• **Task brief**: Output exactly the lines that come between the start of the material and the line containing "Royaal, kleurrijk en", both ends included, with the pictures omitted.
========================
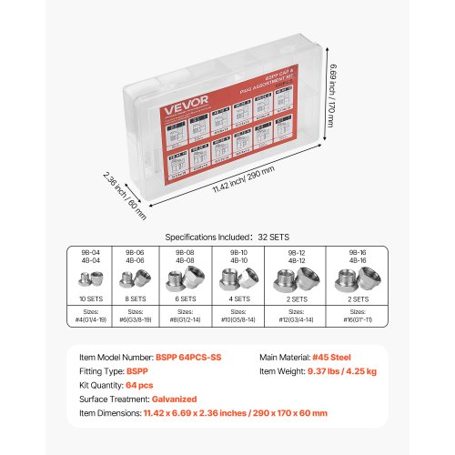 VEVOR Raccordi Idraulici BSPP 290 x 170 x 60 mm Kit Tappo e Tappo Idraulico con Filettatura di Precisione, 64 Pezzi, per Impieghi Gravosi in Acciaio Zincato, Misure Trattino 04/06/08/10/12/16
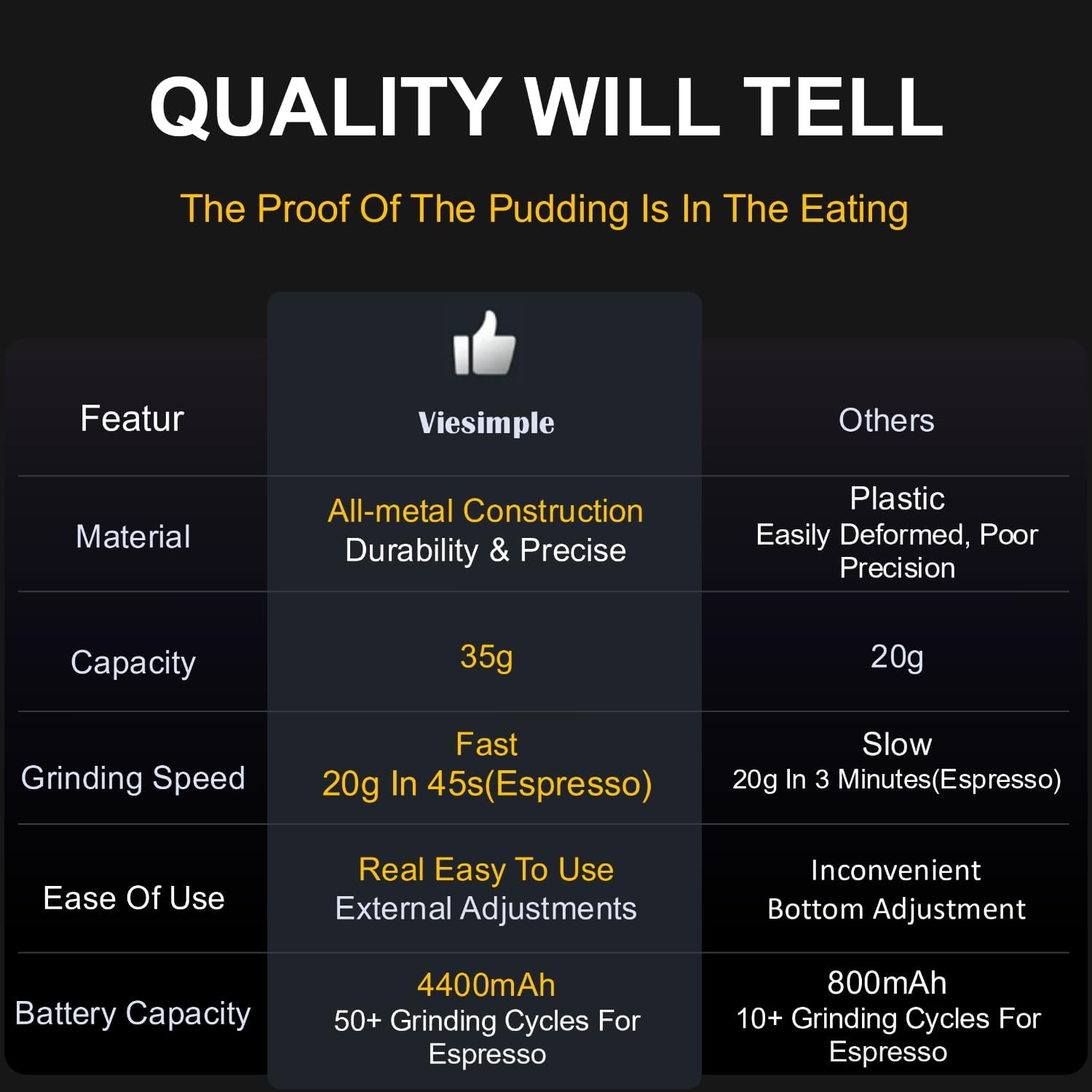 The video showcases the product in use.The video guides you through product setup.The video compares multiple products.The video shows the product being unpacked. Viesimple Rechargeable Portable Coffee Grinder Merchant Video
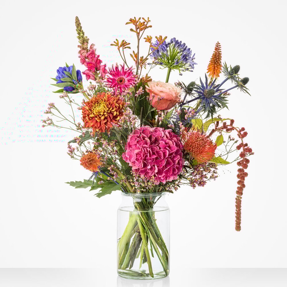 Royaal, kleurrijk en hét boeket om mee uit te pakken. Boeket Uitzinnig najaar heeft het allemaal. Dit exclusieve en rijkgevulde boeket bevat de mooiste en meest opvallende bloemen van dit seizoen. Uitbundig en uitzinnig en het perfecte cadeau. Voor jezelf of iemand anders.
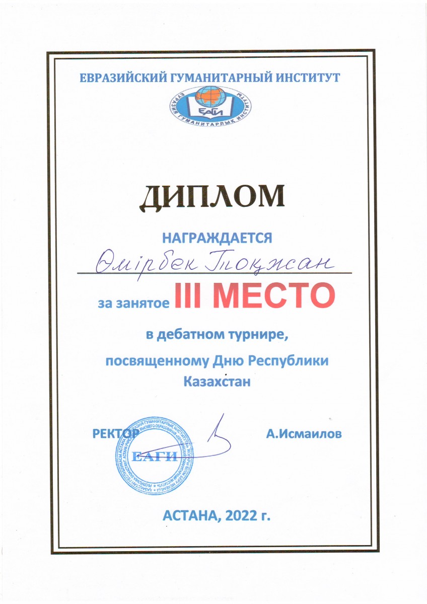 «Линкольн-Дуглас» форматында турнирдің үздік төрешісі болып «Құқықтану» білім беру бағдарламасының студенті Салимжуаров Ғани анықталды (ЮР-20-01 академиялық тобы).
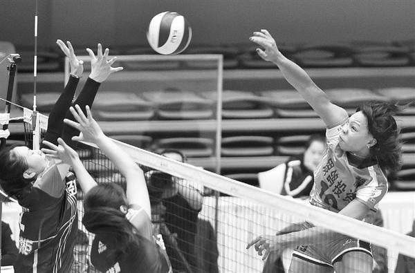 图为当日河南银鸽投资队球员贝尔(右)在比赛中扣球。
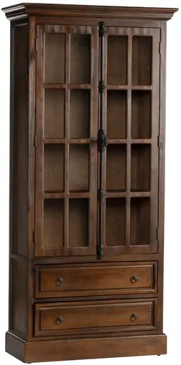 The Crestview Collection Hawthorne Estate 2-drawer 2-glass Door Curio Cabinet combines function and design into a single piece of furniture. The curio features a medium-brown and black finish, two drawers, and four shelves behind two glass doors.
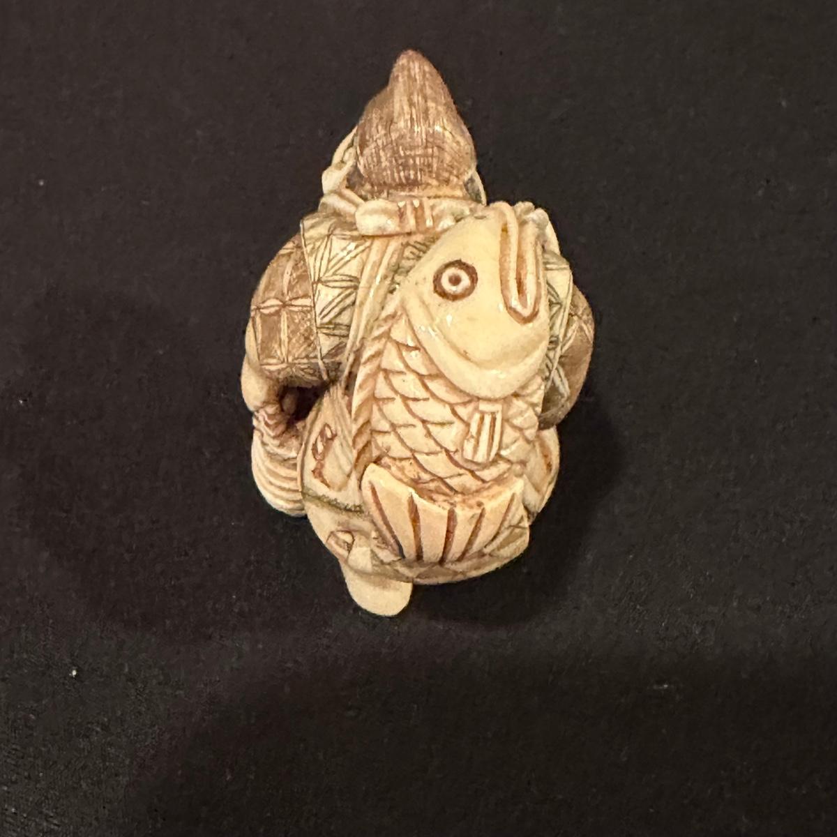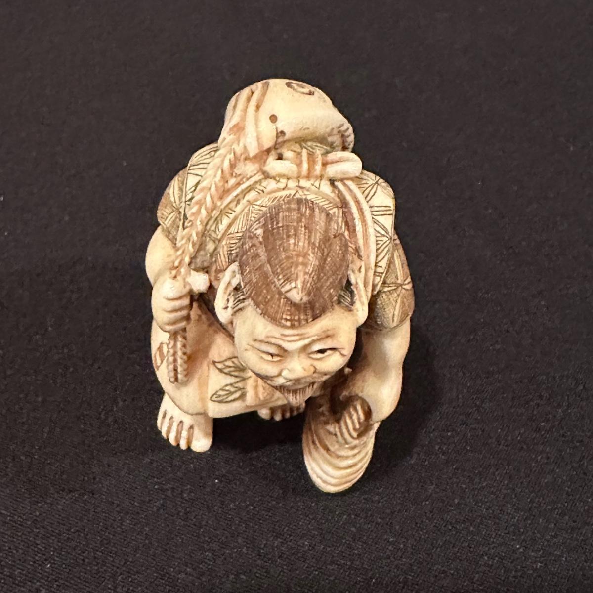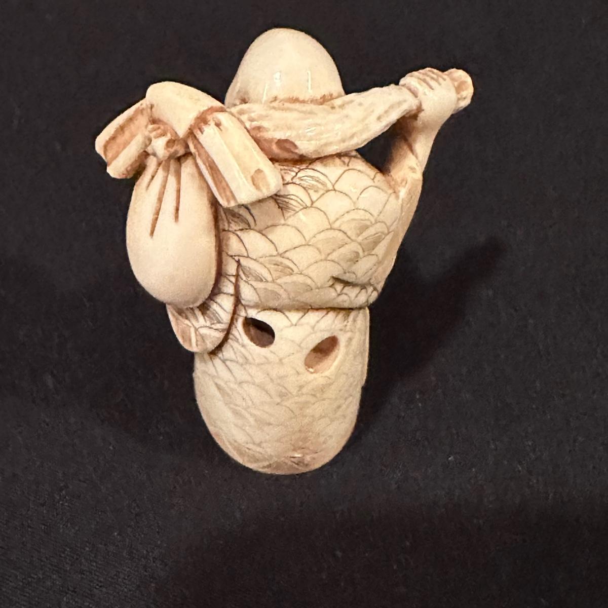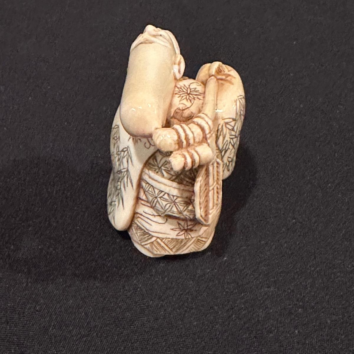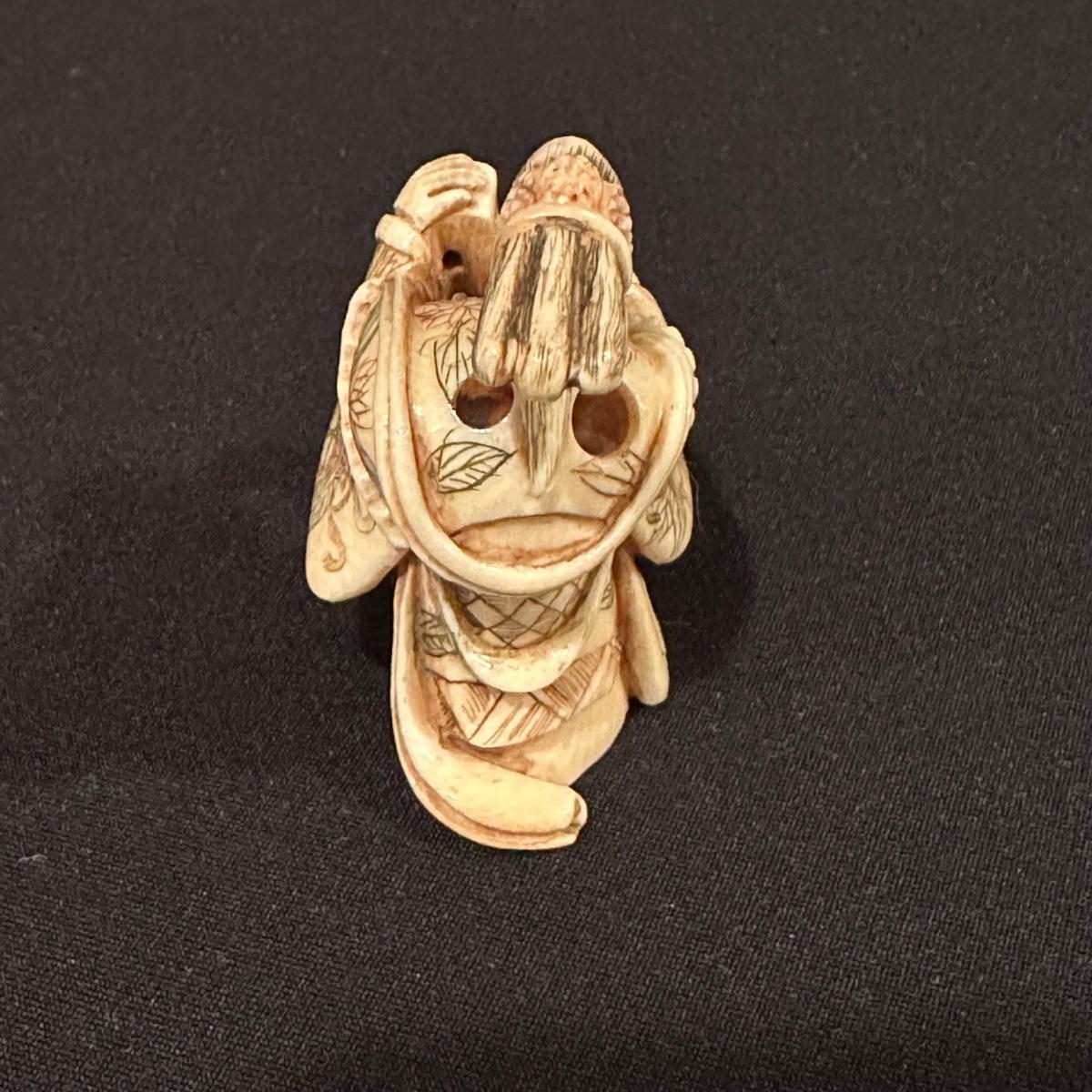Seven immortals are small figurines of what appears to be carved bone. Includes a tiered wooden stand. Measures 10.5" x 1.25" x 3.5”H.
========================
• **Result**:
 VEVOR Raccordi Idraulici BSPP 290 x 170 x 60 mm Kit Tappo e Tappo Idraulico con Filettatura di Precisione, 64 Pezzi, per Impieghi Gravosi in Acciaio Zincato, Misure Trattino 04/06/08/10/12/16
 The video showcases the product in use.The video guides you through product setup.The video compares multiple products.The video shows the product being unpacked. Viesimple Rechargeable Portable Coffee Grinder Merchant Video
 Royaal, kleurrijk en hét boeket om mee uit te pakken. Boeket Uitzinnig najaar heeft het allemaal. Dit exclusieve en rijkgevulde boeket bevat de mooiste en meest opvallende bloemen van dit seizoen. Uitbundig en uitzinnig en het perfecte cadeau. Voor jezelf of iemand anders.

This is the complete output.